How a little trim goes a long way

Amanda used to wear hijab to represent her culture and Muslim faith. The hijab in Arabic means modesty, and by covering the hair, arms and legs and chest, it makes the statement that the person is modest.

“It’s just a way to represent myself and who I am because I can’t do it just by my looks, I don’t look Middle Eastern. It was kind of a mask in a way or a sign to show who I am. It was really empowering because people would approach me and say you don’t look Muslim, tell us about yourself, tell us about your religion. It was a way to communicate with the people and tell them who I was both verbally and non-verbally.”

Then September 11th happened and Amanda’s father asked her to take it off so she wouldn’t become a target.

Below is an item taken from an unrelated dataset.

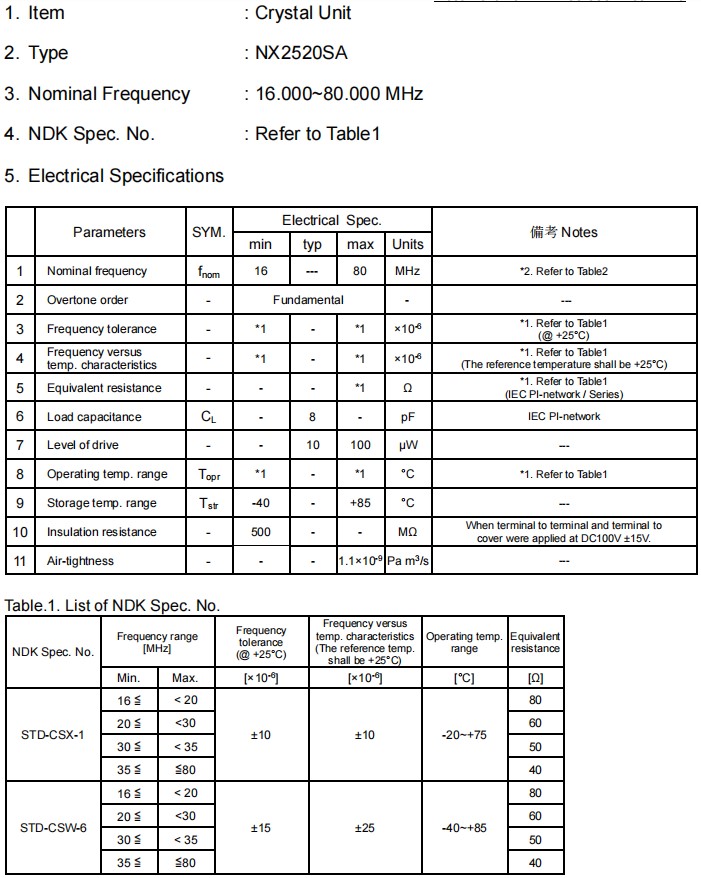 NX2520SA-16.000000MHZ | NDK晶振 | NX2520SA | 16MHz | ±10ppm | 4-SMD, No Lead |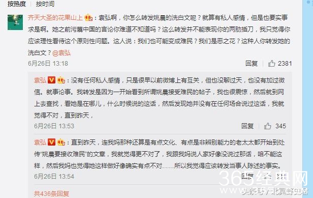 说到袁弘,很多人都觉得莫名其妙,他怎么就跟姚晨站一对了呢,而且姚晨还亲切的称他为老袁,不过袁弘转发了这条微博可引起了自己粉丝的不满,比如下面这位粉丝,就直接说质问袁弘为什么要转发姚晨的洗白文,而袁弘竟然还回复了,称自己跟姚晨不熟,只是出于正义,更拿出了自己妈妈来说明这个问题

When Amanda stopped wearing her hijab, it was obvious her hair style was in need of a fresh look. “It was down to my butt.”

Amanda’s hair was beautiful. But maintenence became a burden and she decided that it was time to try something new.

Amanda has even more daring plans for her hairstyle in the future.

“I have actually thought about cutting it really short and perming it into a Medusa-like thing. I went to a wig shop with my mom and tried on a bunch of hairstyles. I tried on short black wigs and everyone at the wig shop told me to cut my hair and dye it black and I was like, ‘No, I can’t do that, that is too drastic.’ I have to go in stages, but at least now I’ve got the courage to experiment a little.”

Even though she lost one form of self expression through the hijab, it seems that she has gain another in hair styles. Although the two are different, one can always find joy in the smallest and largest changes. Sometimes it’s nice to just make yourself over.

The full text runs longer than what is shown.